Question

Two capacitors of capacitance $1.0$ microfarad and $2.0$ microfarad are each charged by being corrected across a $5.0$ volt battery. They are disconnected from the battery and then connected to each other with resistive wires so that plates of opposite charge are connected together. What will be the magnitude of the final voltage across the $2.0$ microfarad capacitor?
A) $0\,V$
B) $0.6\,V$
C) $1.7\,V$
D) $3.3\,V$

Answer 1

Hint: Use the formula of the capacitance of the series circuit and substitute the capacitance of the two capacitors in it. Then use the formula, to find the voltage of the battery across the capacitor that is connected as a second and approximate its value.

Formula used:
The formula for the capacitance in the series is given by
${C_s} = \dfrac{{{C_1}.{C_2}}}{{{C_1} + {C_2}}}$
Where ${C_s}$ is the total resistance which is connected in series, ${C_1}$ is the first capacitance and ${C_2}$ is the second capacitance.
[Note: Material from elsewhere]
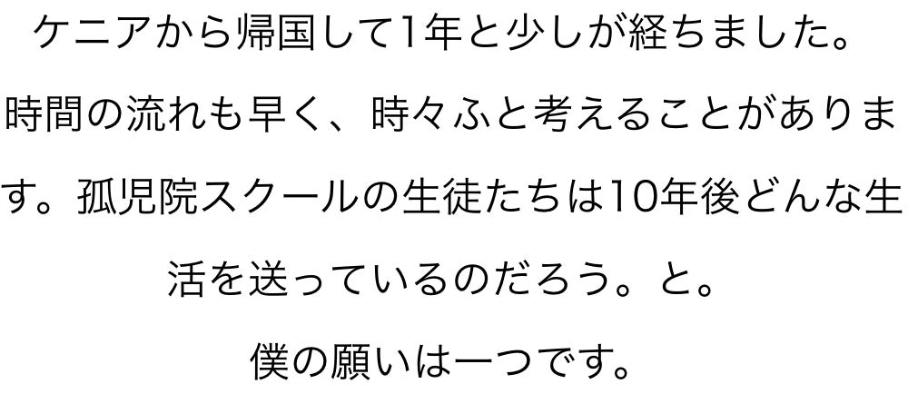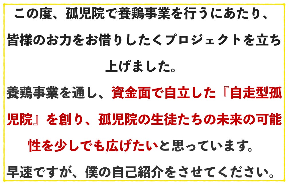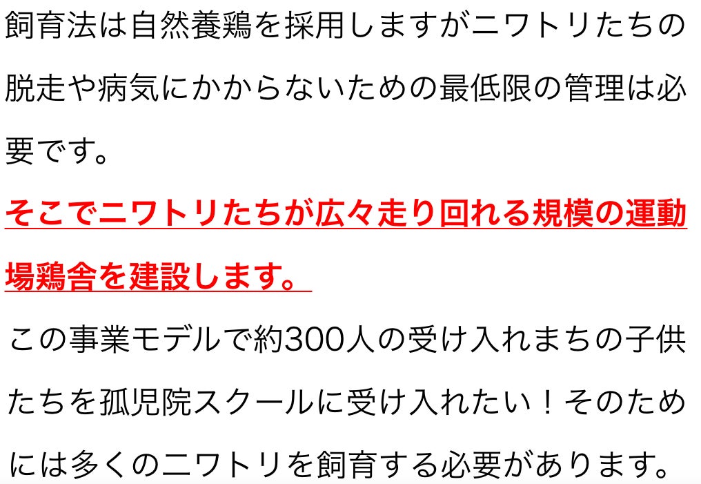 2019/11/20 14:54いつも西原総司を応援してくださりありがとうございます。11月も終わりに差し掛かり気温も冷え込み日本の気象予報を見ていると、猛暑続きのケニアにいても日本の冬の訪れを感じています。先日、全てのリターン品を発送させていただきました。たくさんの方に受け取りのご連絡をいただき感謝の気持ちでいっぱいです。本日は皆様にお伝えしたいことがあり更新いたしました。リターン品の発送も終わり同封された手紙を読んでくださった方も多くいらっしゃるかと存じますが、手紙を書かせていただいていた時期と現在の養鶏事業の現状が大きく異なり、FBでは近況報告を先月にさせていただきましたが今回この場を借りて改めて、今年の6月からスタートした孤児院を支援するためのプロジェクトについて応援してくださってる皆さまにお話できればと思い、養鶏事業の現状、今後のことを綴らさせていただきました。長くなりますが最後まで読んでいただけると幸いです。養鶏事業につきまして結論から申しますと、卵を孵化させるまでに至らず食肉用として今月全てのニワトリを出荷しました。養鶏事業当初の計画では卵を孵化させ、孵化させた卵を生産地で販売するという計画でした。食肉としてではなく卵として養鶏事業を進めることを選んだ理由は、ニワトリの産卵期間の間、継続的に孤児院に売り上げを寄付することができるためです。食肉養鶏ではニワトリが出荷できるサイズになるまで売り上げが立たないので孤児院支援において持続的ではないと判断した上での選択でした。それなのになぜ食肉として出荷したのかを説明させていただきます。6月に鶏舎の建設がスタートし7月の頭に250羽のニワトリを購入しました。そこまでは順調だったのですが8月に産卵期まで1ヶ月を日控えていたニワトリが感染症に感染しました。具体的にはニワトリのお腹の中で臓器に菌が感染し、臓器不全や体内にウミが溜まってしまうなどの症状がありました。明らかに体に異変のあるニワトリはすぐに隔離し経過を見ていましたが数日後に全羽亡くなりました。体に異変のないニワトリも感染の疑いがあるので養鶏の専門家などに相談し薬を処方してもらいました。しかし感染症は次から次へと広がっていき100羽以上のニワトリが死にました。薬を変えても効果はなく専門家もお手上げ状態でした。一見見た目に変化はなく元気だったニワトリが次の日の朝になると鶏舎で死んでいるという状況が続きました。幸い感染を逃れたニワトリもいましたがそれらのニワトリも産卵期をとうに過ぎても産卵が始まらず10月を期限とし様子を見ていましたが産卵は行われませんでした。おそらく感染症がなんらかの影響を与えており不妊となっていたと見られます。そして養鶏場を一緒に管理している現地人パートナーと相談し、ニワトリが感染して死ぬまえに食肉として販売することにしました。僕とパートナーにとっても全く予想外の事態であり苦渋の決断でしたがこれ以外に選択がありませんでした。本当ならこの時期には『産卵しました』と、ご報告できる予定だったのですが、11月末に約100羽全てのニワトリを売り切りました。半年前まで鳴き声が聞こえていた鶏舎もカラになりました。今回このような終わり方になってしまい本当に悔しいです。一羽また一羽と死体を土に埋める作業が1番精神的にきつかったです。二度と同じ失敗を繰り返さないために、今回の問題点を整理しまとめました。1 ) 生後3ヶ月のヒナを購入したこと。ニワトリは生後約半年ほどで産卵を始めます。生後間もないヒナを購入すれば半年間全く売り上げのない中、エサやワクチンなどの経費を捻出しなければなりません。さらに孤児院へ寄付ができるまで半年以上かかることを考えた時に、お金も時間もかかりすぎるため、生後3ヶ月のヒナを購入しました。この問題点はヒナの生後3ヶ月間の飼育環境が不透明であったことです。ヒナの段階では抗体を強くするためにワクチンを打ったり、特に衛星環境に注意して飼育しなければいけません。購入前の報告では口頭で全てクリアと双方確認しましたが、今考えると先方が虚偽の報告をした可能性もあり不確かではありました。結果的に抵抗力の弱いヒナを購入してしまった可能性が高いと考えています。1週目から自分で飼育していればこのようなことも起こらなかったと思います。完全に僕の確認不足と早とちりな判断が招いた原因でした。2) ニワトリを会社からではなく個人から購入したこと。ケニアでは会社として養鶏家用にヒナを扱っている会社と個人販売業者が存在します。個人販売業者の方が値下げ交渉など融通が効きます。そのため、会社から購入するより個人から購入する方が安価なため初期投資を抑えれる意味でも個人から購入しました。しかし、感染症が見つかったとき、購入先の販売業者は『育て方が悪かったんだ』と相談にも乗ってもらえず全く対応してもらえませんで

Complete step by step solution:
It is given that the
Capacitance of the first capacitor, ${C_1} = 1.0\,\mu F$
Capacitance of the second capacitor, ${C_2} = 2.0\,\mu F$
Potential difference of the battery, $V = 5\,V$
It is provided that the opposite charges are connected to each other. Hence the capacitor circuit must be connected in series. Hence use the formula of the capacitance in series,
${C_s} = \dfrac{{{C_1}.{C_2}}}{{{C_1} + {C_2}}}$
Substituting the capacitance of the two capacitors in it.
$\Rightarrow {C_s} = \dfrac{{1.2}}{{1 + 2}} = \dfrac{2}{3}\,\mu F$
Hence the total capacitance value is obtained as $\dfrac{2}{3}$.
The magnitude of the voltage across the $2\,\mu F$ capacitor is $\dfrac{{5\,V}}{3} = 1.667\,V$.
Hence the magnitude of the voltage across the second capacitor is $1.7V$.

Thus the option (C) is correct.

Note: In this case the current flowing through the circuit is the same in the series. But if the capacitors are connected in parallel, then the total capacitance is the sum of the value of the capacitance of the connected capacitors in the circuit.